Japan's First Naked Restaurant Has Age & Weight Restrictions
By now, you've probably heard about The Bunyadi, London's first "naked" restaurant, which is “free from the trappings of modern life"—no mobile phones, no electricity, and, of course, no clothes. Now it seems Tokyo has caught the naked bug.
On July 29, a naked pop-up restaurant called The Amrita (the Sanskrit word for "immortality") will open in Tokyo. Customers will dine in the buff but be required to wear "paper underpants" courtesy of the restaurant to keep things, you know, sanitary.
According to Rocket News, it's supposed to have an "Adam and Eve" theme, though it seems to be lacking on the whole Eve part: The waitstaff is made up of "men with the world's most beautiful bodies" serving tables in nothing but G-strings.

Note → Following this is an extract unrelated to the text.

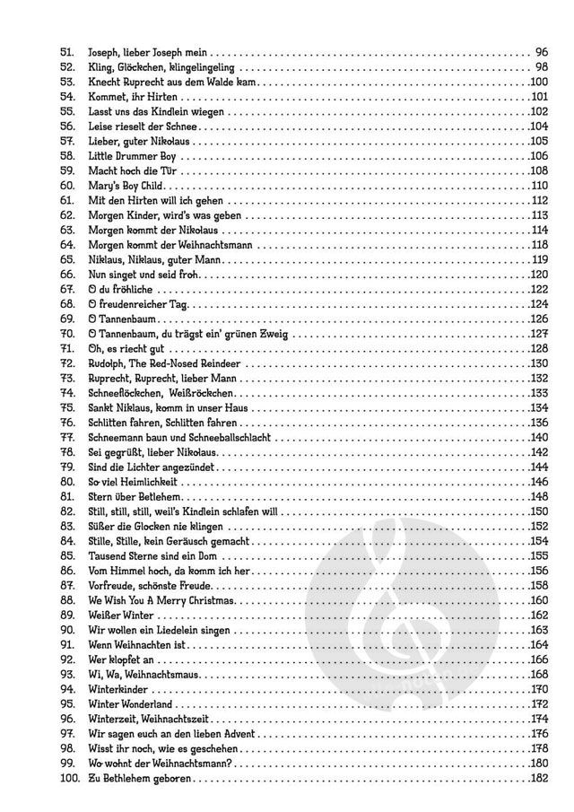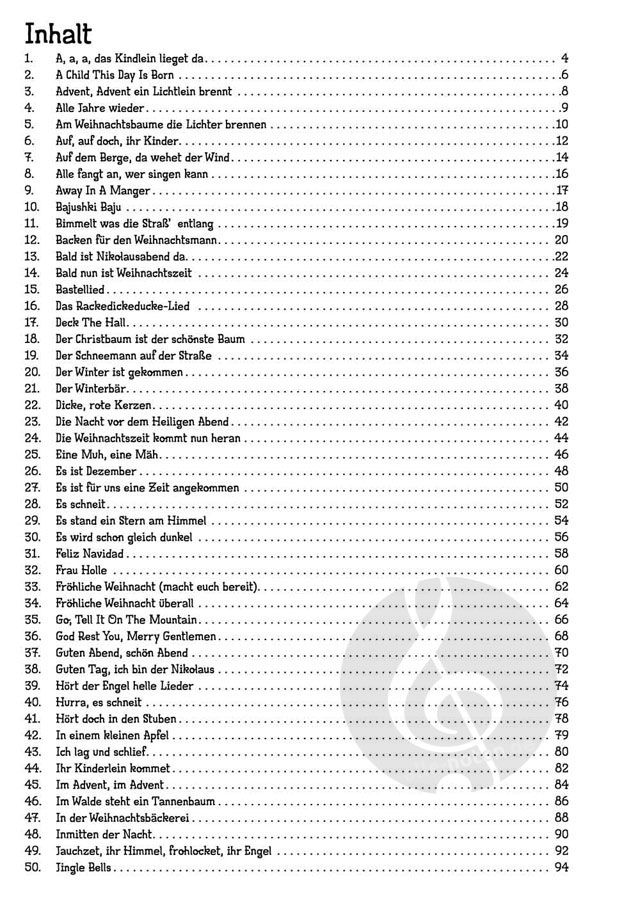 Traditionelle Weihnachtslieder für die ganze Familie, Weihnachtsklassiker von Rolf Zuckowski, Detlev Jöcker oder Frederic Vahle sind ebenso vertreten wie Popsongs wie Mary's Boy Child von Boney M. oder Hurra, es schneit von Nena. Auch mit dabei sind viele beliebte Lieder aus der ehemaligen DDR, wie z. B. Oh, es riecht gut, Vorfreude, schönste Freude oder Tausend Sterne sind ein Dom. Die Sammlung eignet sich wunderbar für den Kindergarten, die Grundschule oder für das gemeinsame Singen und Musizieren zu Hause.

In keeping with the au naturel trend, the menu is all-organic, but the main feast is for the eyes: a Chippendales-like dance performance featuring "only the best of the best American and European male models."
The Amrita could have stopped there and been just ridiculous enough, but, unfortunately, it didn't. Its owners decided to separate itself from the other naked restaurants by adding an element of body-shaming.
"We ask anyone more than 15 kilograms [or approximately 33 pounds] above the average weight for their height to refrain from making a reservation," the rules state. People over the age of 60 and anyone with a tattoo are not welcome either. Those whose weight looks questionable will be asked to stand on a scale before dining.
You pay for the meal in advance, and prices range from $112 to $563 per person, so the restaurant would probably recommend that anyone unsure about whether they're above "average" weight avoid The Amrita.
Actually, you know what? That seems like pretty solid advice for everyone, regardless of weight, age, or amount of tattoos.